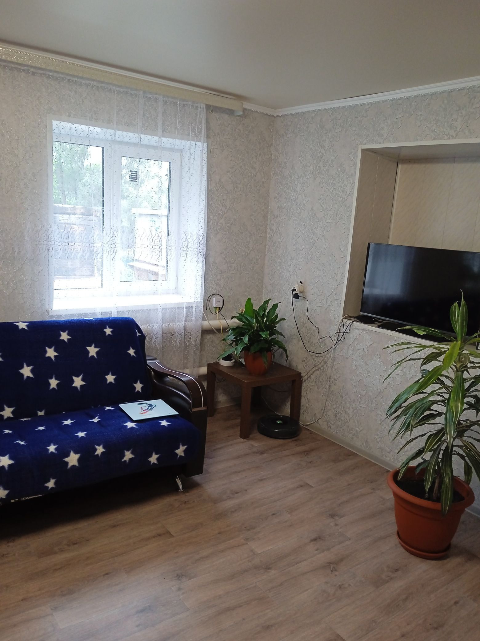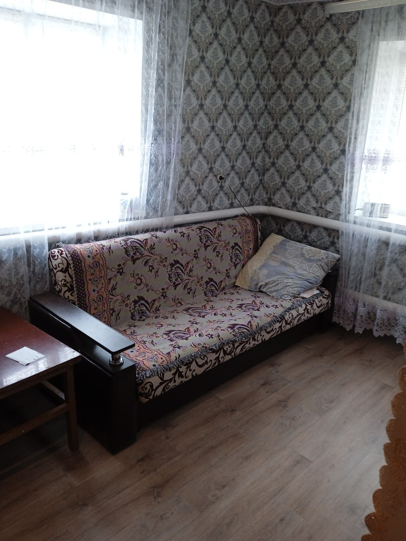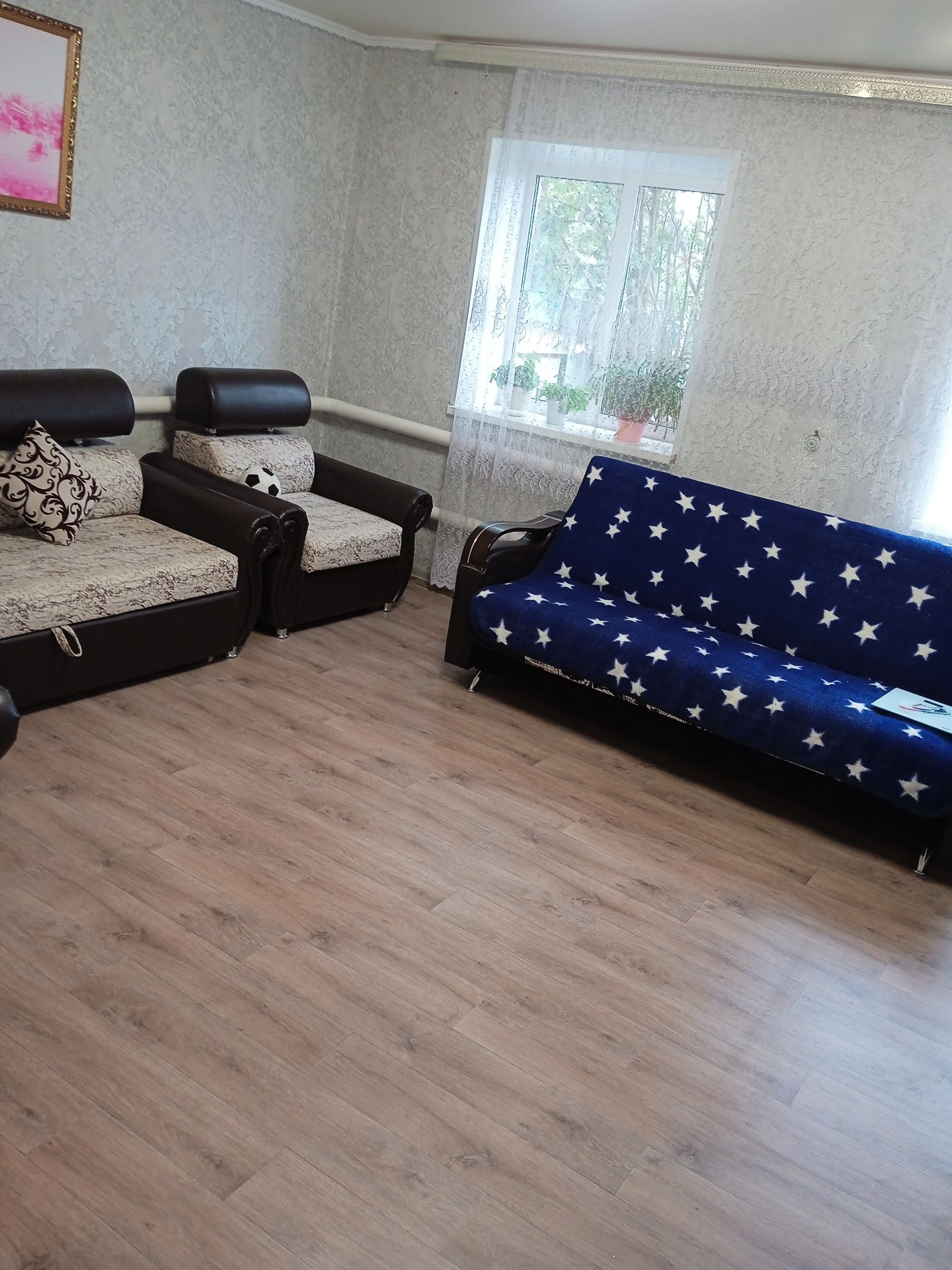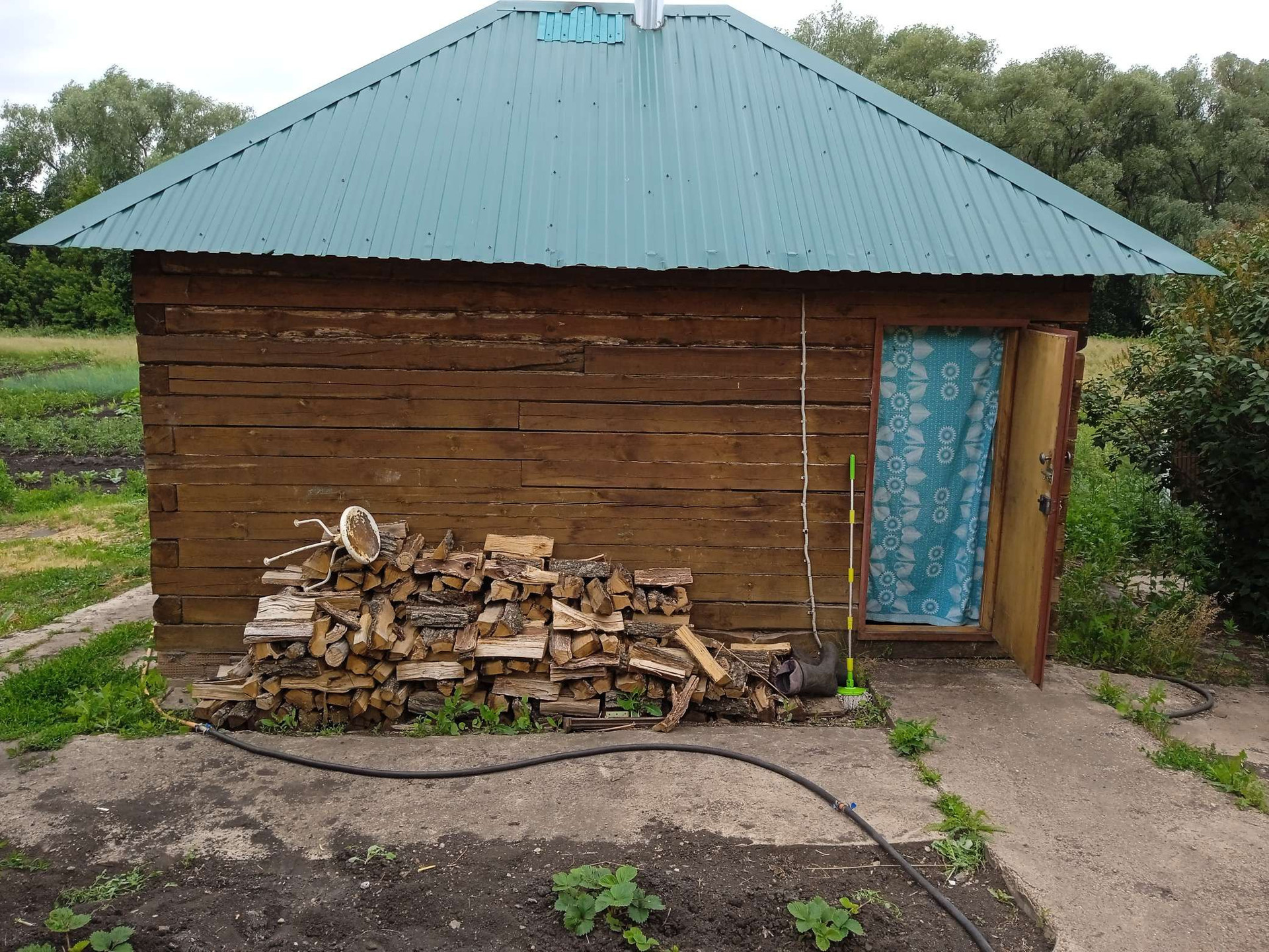 уютный дом в 15 км от города, автобусы ездят 3 раза в день. В доме: горячая и холодная вода, канализация. Есть насаждения, не достроенный гараж, баня, большой двор.
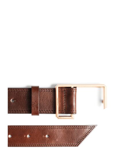 Fabriquée en France, cette ceinture en cuir végétal marron Bonnyfemme mesure 35 mm de large. Elle est équipée d’une boucle dorée en forme de C et offre un système de réglage facile pour un ajustement parfait.
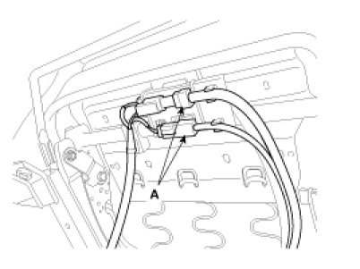 2. Disconnect the connectors (A), and remove the seat assembly.

****

> [Assignment]: Restate the entire listing word for word, excluding pictures.

> [The answer]:
 уютный дом в 15 км от города, автобусы ездят 3 раза в день. В доме: горячая и холодная вода, канализация. Есть насаждения, не достроенный гараж, баня, большой двор.
 Fabriquée en France, cette ceinture en cuir végétal marron Bonnyfemme mesure 35 mm de large. Elle est équipée d’une boucle dorée en forme de C et offre un système de réglage facile pour un ajustement parfait.
 2. Disconnect the connectors (A), and remove the seat assembly.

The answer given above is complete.